I’ve been called a lot of things, but something I’ve never been accused of is being a procrastinator. Well, maybe when I was in junior high and battled my mom tooth and nail over hanging up my clothes and making my bed. But for most my adult life I’ve been a “get the hard thing done first” kind of gal. In college I literally never pulled an all-nighter. My friends would always make fun of me because I’d get a paper done three weeks ahead of time and be in bed by 10:00 without fail. I was the annoying girl who’d pop out of my room and ask my wing mates to “please keep it down, I’m sleeping.”
I like getting things done. Crossing things off to do lists is one of my favorite past times. I don’t like unfinished business. It keeps me up at night while I review my day over and over making sure I spent my time well. Waiting? The in-between? Not having a plan? Saying they are not my favorite is the understatement of the year. Got the picture? Put a pin in that thought for a minute.
Being a seamstress means inevitably someone wants to give you old stashes of unused fabric. Someone’s mother died or they’ve given up sewing or it’s just time to clean the old stash out. I do it too, from time to time, when I can bear to part with the tiniest scraps of my beloved fabric. I invariably say “yes” to ofher’s fabric because, well, let’s face it: I have a fabric problem. As I wade through bags or cardboard boxes and unbury layers of fabric I get a peak into the seamstress’s life. I see leftovers from curtains and pillows, portions of dresses and dress shirts — and my all time favorite — scraps of quilts. You’d be surprised how many people start a quilt and don’t ever finish it. Maybe life got busy or the project was more challenging than expected, but one way or another once loved and cared for quilts-in-progress get abandoned. Enter my inability to leave things unfinished.

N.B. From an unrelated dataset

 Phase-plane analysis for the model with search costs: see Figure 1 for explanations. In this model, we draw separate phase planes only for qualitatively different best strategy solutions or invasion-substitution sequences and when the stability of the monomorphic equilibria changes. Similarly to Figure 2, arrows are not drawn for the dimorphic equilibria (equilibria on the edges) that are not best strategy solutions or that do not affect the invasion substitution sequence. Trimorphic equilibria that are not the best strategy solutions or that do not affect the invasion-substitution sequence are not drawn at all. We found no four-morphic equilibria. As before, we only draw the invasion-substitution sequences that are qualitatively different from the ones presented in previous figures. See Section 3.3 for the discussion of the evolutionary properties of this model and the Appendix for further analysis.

I am obsessed with finishing quilts. I’ve made a hobby of making sense of someone’s leftovers and turning it into something beautiful. I hardly ever like the fabric choices, and often I despise the patterns, but I’m driven to finish these quilts. It almost feels like a way of honoring the person who started them. Even though most of those people we’ll never know about it, it feels right that these useless assortments of fabric become what they should — something useful, beautiful, and cared for.

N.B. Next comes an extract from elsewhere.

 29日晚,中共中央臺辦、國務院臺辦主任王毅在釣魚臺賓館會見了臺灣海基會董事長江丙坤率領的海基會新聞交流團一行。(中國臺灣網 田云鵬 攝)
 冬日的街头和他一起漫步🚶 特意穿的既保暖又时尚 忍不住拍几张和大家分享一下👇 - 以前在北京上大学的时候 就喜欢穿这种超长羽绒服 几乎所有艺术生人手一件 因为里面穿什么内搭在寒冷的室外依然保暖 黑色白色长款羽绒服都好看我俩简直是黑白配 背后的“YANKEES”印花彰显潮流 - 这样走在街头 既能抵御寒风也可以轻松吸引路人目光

There’s about a million analogies in there, I’m sure. The idea that God doesn’t leave us unfinished. That even when others have discarded us he continues the work of knitting, sewing, and weaving. Or the idea that there is beauty and value in follow-thru. Keeping ones word and being committed to the end matters. Or the thought that we are handed bits and pieces of brokenness in each of our lives and it’s up to us to make something beautiful come from it. Or that we need each other and stepping in when someone else cannot go on is worthwhile.
But mostly, I just find comfort in this little hobby. In the ritual of discovery and organization, which is followed by hours pinning, sewing, ironing, and quilting. The handiwork that marks each of my quilts and the feeling of accomplishment that I took ownership of a project and gave of myself for it. I think that’s the lesson in all of life — the process can bring as much joy as a finished project. And who we become, the sort of person we choose to be along the journey is where we find value.